#### Data for the task

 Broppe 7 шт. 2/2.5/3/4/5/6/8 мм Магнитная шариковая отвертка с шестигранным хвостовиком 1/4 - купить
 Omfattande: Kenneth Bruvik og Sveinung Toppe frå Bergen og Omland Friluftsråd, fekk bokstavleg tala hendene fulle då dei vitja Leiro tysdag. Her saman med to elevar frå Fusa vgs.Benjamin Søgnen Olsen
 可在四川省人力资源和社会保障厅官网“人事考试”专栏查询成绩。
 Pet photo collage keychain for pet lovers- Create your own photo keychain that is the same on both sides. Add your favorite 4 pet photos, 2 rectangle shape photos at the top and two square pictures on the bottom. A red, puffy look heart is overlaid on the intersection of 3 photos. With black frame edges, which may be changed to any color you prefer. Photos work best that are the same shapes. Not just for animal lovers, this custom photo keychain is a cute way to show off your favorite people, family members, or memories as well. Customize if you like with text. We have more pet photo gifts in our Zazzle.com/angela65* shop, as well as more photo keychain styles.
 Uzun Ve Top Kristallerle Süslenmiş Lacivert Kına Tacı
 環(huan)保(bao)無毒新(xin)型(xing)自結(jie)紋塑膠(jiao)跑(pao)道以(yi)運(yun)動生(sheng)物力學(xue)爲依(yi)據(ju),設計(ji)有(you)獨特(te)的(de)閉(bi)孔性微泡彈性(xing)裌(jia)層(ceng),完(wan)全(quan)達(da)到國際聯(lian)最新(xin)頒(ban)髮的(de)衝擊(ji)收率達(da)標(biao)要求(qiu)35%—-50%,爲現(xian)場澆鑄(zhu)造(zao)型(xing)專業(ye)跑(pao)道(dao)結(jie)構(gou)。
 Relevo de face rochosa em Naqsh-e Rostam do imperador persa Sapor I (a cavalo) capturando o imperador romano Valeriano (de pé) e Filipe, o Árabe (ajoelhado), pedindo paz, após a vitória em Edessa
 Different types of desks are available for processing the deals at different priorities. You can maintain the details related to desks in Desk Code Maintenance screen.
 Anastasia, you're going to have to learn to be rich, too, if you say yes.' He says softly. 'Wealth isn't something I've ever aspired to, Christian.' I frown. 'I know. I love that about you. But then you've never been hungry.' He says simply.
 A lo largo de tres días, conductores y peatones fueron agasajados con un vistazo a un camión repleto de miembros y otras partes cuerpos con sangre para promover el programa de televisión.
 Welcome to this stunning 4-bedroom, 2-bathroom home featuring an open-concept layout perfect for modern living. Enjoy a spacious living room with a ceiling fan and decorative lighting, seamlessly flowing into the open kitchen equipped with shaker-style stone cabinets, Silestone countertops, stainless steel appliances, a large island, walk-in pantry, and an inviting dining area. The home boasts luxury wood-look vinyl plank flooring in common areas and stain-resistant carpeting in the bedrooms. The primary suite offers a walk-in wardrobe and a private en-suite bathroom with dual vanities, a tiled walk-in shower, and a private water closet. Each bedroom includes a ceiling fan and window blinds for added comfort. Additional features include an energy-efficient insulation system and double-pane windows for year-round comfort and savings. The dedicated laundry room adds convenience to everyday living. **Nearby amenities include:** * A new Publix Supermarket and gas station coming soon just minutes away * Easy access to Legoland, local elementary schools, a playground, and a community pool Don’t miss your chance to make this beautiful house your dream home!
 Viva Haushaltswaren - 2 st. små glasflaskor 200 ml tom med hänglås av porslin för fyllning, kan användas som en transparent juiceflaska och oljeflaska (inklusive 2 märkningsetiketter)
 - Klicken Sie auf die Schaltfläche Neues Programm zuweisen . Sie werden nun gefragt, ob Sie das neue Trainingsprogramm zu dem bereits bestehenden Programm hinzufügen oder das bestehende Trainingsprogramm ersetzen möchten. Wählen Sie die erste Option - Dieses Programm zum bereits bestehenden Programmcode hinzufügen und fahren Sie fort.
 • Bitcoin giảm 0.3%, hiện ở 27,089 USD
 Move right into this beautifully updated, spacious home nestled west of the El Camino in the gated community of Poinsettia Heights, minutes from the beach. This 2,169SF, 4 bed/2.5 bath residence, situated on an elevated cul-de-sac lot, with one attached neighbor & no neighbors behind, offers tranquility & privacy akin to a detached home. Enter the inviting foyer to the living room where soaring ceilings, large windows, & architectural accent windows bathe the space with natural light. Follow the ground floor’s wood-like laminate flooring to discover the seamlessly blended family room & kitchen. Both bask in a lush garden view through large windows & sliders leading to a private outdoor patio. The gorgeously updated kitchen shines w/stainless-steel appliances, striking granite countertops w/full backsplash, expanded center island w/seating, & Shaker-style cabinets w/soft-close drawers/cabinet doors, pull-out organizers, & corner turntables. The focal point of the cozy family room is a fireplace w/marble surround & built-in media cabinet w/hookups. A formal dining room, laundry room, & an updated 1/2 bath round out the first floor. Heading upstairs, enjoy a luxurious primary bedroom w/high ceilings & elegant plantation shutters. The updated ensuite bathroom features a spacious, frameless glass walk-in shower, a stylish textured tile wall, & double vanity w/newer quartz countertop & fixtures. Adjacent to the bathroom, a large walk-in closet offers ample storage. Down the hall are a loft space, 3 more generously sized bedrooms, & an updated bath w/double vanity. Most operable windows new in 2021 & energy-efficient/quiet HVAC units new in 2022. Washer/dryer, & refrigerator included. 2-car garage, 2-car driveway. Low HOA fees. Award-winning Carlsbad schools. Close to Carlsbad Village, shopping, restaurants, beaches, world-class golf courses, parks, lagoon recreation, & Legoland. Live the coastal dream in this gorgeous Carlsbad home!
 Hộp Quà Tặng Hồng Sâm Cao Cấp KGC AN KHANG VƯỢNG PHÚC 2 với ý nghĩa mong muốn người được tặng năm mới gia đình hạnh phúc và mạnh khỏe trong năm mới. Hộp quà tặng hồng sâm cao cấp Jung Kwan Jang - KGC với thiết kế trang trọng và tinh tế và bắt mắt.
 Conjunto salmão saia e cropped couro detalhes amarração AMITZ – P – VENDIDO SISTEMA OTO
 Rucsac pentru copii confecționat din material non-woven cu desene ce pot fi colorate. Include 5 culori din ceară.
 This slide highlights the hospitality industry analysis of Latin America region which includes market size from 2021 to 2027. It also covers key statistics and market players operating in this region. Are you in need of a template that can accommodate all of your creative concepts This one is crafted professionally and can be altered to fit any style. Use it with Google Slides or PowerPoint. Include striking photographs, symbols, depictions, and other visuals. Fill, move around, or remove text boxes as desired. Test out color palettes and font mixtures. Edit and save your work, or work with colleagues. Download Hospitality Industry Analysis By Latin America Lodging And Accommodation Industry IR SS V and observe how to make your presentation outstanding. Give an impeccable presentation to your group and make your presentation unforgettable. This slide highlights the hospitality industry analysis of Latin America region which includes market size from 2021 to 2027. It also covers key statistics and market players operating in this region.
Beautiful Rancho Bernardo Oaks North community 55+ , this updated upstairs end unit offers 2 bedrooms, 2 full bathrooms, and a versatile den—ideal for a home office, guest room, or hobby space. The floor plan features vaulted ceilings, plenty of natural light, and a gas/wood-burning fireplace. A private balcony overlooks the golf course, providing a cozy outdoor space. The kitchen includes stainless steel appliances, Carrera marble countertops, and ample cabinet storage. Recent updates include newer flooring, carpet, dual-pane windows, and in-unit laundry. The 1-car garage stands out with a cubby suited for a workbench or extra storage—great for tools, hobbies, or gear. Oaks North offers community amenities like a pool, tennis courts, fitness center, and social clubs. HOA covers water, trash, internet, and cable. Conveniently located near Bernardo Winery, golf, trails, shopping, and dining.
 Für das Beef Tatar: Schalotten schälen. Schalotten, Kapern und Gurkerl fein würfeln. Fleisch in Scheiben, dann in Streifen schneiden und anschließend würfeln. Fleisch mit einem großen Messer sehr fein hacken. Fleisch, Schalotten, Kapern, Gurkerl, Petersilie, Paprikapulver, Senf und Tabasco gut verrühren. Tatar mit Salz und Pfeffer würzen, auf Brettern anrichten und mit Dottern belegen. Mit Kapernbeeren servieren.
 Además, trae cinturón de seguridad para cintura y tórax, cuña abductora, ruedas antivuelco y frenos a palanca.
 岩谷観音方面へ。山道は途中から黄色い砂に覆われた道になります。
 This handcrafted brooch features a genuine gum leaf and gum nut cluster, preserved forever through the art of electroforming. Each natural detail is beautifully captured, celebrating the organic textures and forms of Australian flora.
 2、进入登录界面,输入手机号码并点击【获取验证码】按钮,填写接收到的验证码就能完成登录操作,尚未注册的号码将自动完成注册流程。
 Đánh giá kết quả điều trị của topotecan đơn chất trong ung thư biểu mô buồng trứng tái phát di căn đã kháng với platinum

#### Directions for this task
Using the entries above, count the lines that have the string "which" in them. Answer with that number only.

#### Written reply
2